- Coordinates: 41°12′17″N 73°06′34″W﻿ / ﻿41.20472°N 73.10944°W
- Carries: 6 lanes of I-95
- Crosses: Housatonic River
- Locale: Stratford, Connecticut/Milford, Connecticut
- Official name: Moses Wheeler Bridge
- Maintained by: Connecticut Department of Transportation

Characteristics
- Design: Continuous steel plate girder and floorbeam
- Total length: 967 meters (3,196 feet)
- No. of spans: 14

History
- Opened: 1958 (Reconstructed 2011-2016)

Location
- Interactive map of Moses Wheeler Bridge

= Moses Wheeler Bridge =

Bridge in Connecticut, United States

Moses Wheeler Bridge carries Interstate 95 (Connecticut Turnpike) over the Housatonic River between Stratford and the Devon section of Milford.
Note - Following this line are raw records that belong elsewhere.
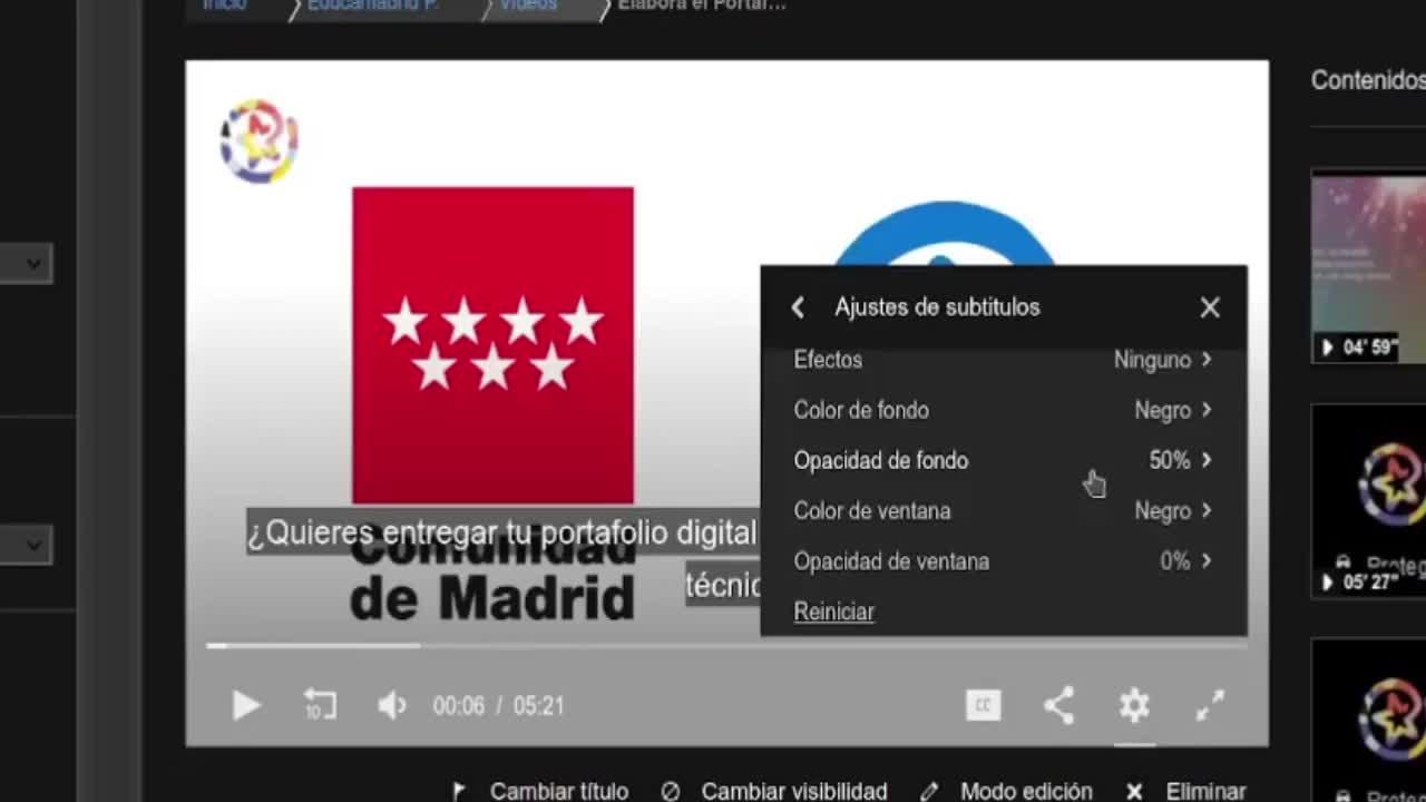 de EducaMadrid, va a la página del vídeo y activa el modo edición.
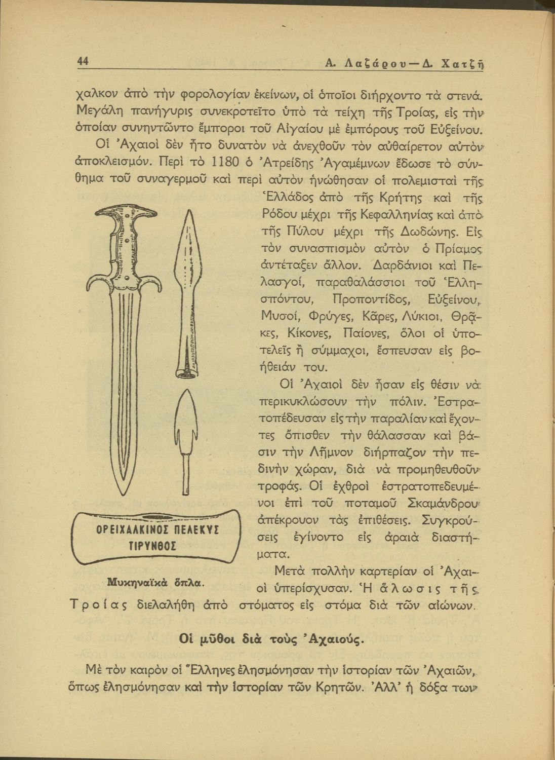 LDR 01459 2200205 4500 035 ## _a02-00950 040 ## _aΕλληνικό Λογοτεχνικό και Ιστορικό Αρχείο 041 ## _ael 100 ## _aΑ. Λαζάρου _aΔ. Χατζής 110 ## _a2-950 245 0# _aΙστορία της αρχαίας Ελλάδος από των αρχαιοτάτων χρόνων μέχρι των μηδικών πολέμων. Δια την Α΄ Τάξιν των Εξατάξιων Γυμνασίων 250 ## _a1η Έκδοση 260 ## _aΑθήνα _bΟργανισμός Εκδόσεως Διδακτικών Βιβλίων _c1949 300 ## _a252 _bΣκίτσα, εικόνες (ασπρόμαυρα) 520 ## _aΣχολικό εγχειρίδιο Ιστορίας Α΄ Γυμνασίου που καλύπτει την περίοδο από τους προϊστορικούς χρόνους ως τις μεταρρυθμίσεις του Κλεισθένη. Περιέχει και εκτενή αναφορά στην ανάπτυξη των γραμμάτων, των τεχνών και του εμπορίου. 521 ## _aΑ' Γυμνασίου 522 ## _aΕλλάδα 546 ## _aΑπλή καθαρεύουσα 563 ## _aΣκληρό Εξώφυλλο 650 #4 _aΑχαιοί _aΔημοκρατία _aΔωριείς _aΕλληνικές αποικίες _aΙωνία _aΛυκούργος _aΠεισίστρατος _aΣόλων
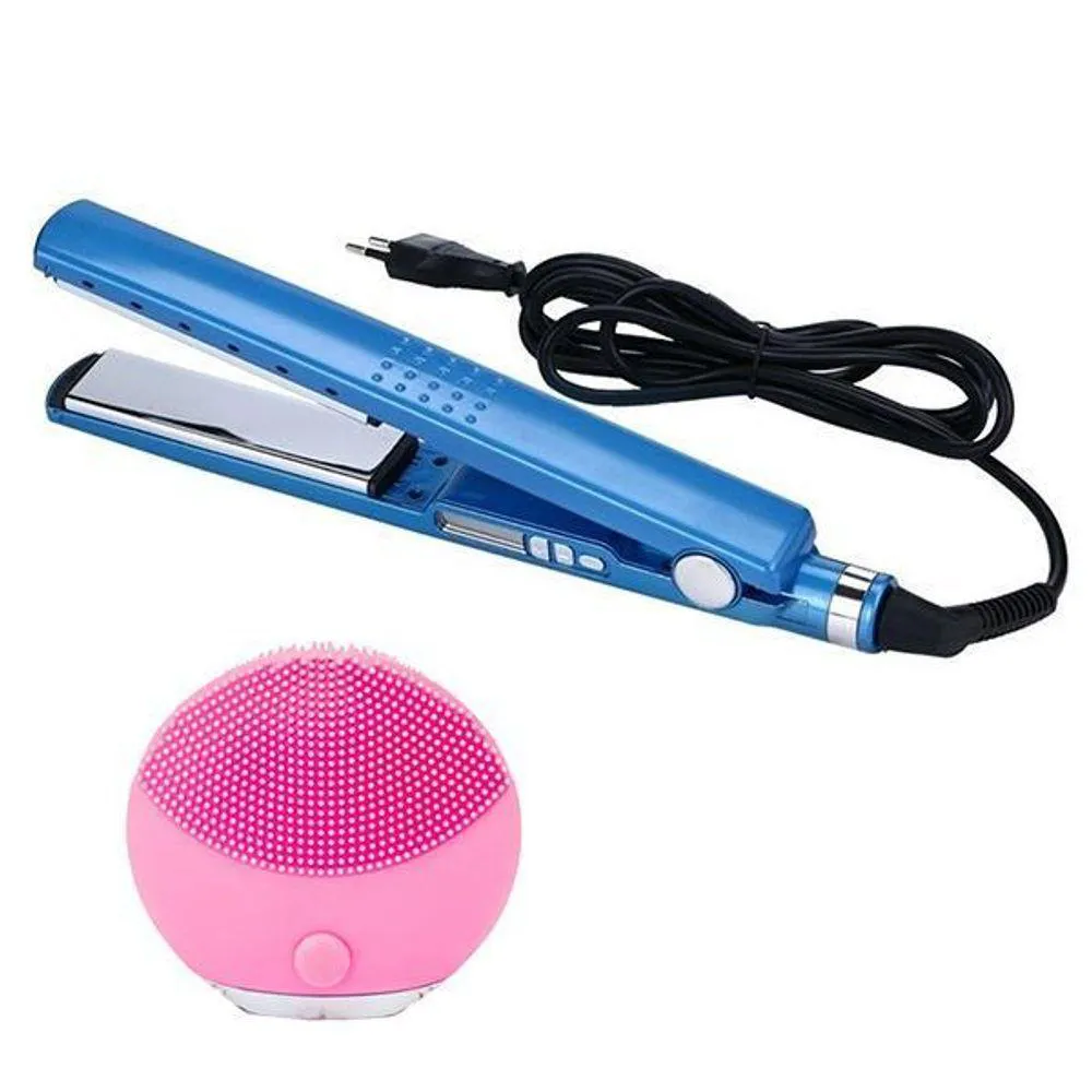 Kit 1 Prancha NanoTitanium + 1 Esponja Facial Rosa Bebê Nº8
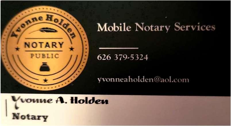 MobileNotaryServices 18 Mobilenotaryservices. Ownedby: YvonneHolden Address Duarte,CAZip yvonneaholden@aol.com 626-379-5324 FACContact:JeriHolden–818-363-4905or818-903-6349
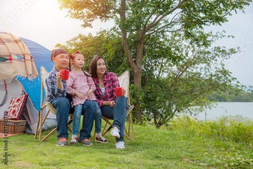 Obraz premium Group of asian family travel and camping at lakeside in forest ,sitting all...

The current bridge is a 14-span continuous girder and floorbeam structure that carries three (expandable to four) lanes of traffic in each direction, with full inside and outside shoulders. The current bridge, completed in 2016, replaces a pre-existing structure that was completed as part of the original Connecticut Turnpike in 1958. The original bridge was a 34-span plate girder structure with a concrete deck with three 12-foot travel lanes in each direction and no shoulders. The central span of the original bridge over the river's navigation channel included a pin and hanger assembly, which are no longer used in bridge construction in the United States. Construction on the Moses Wheeler Bridge began in 1955 and opened on January 2, 1958.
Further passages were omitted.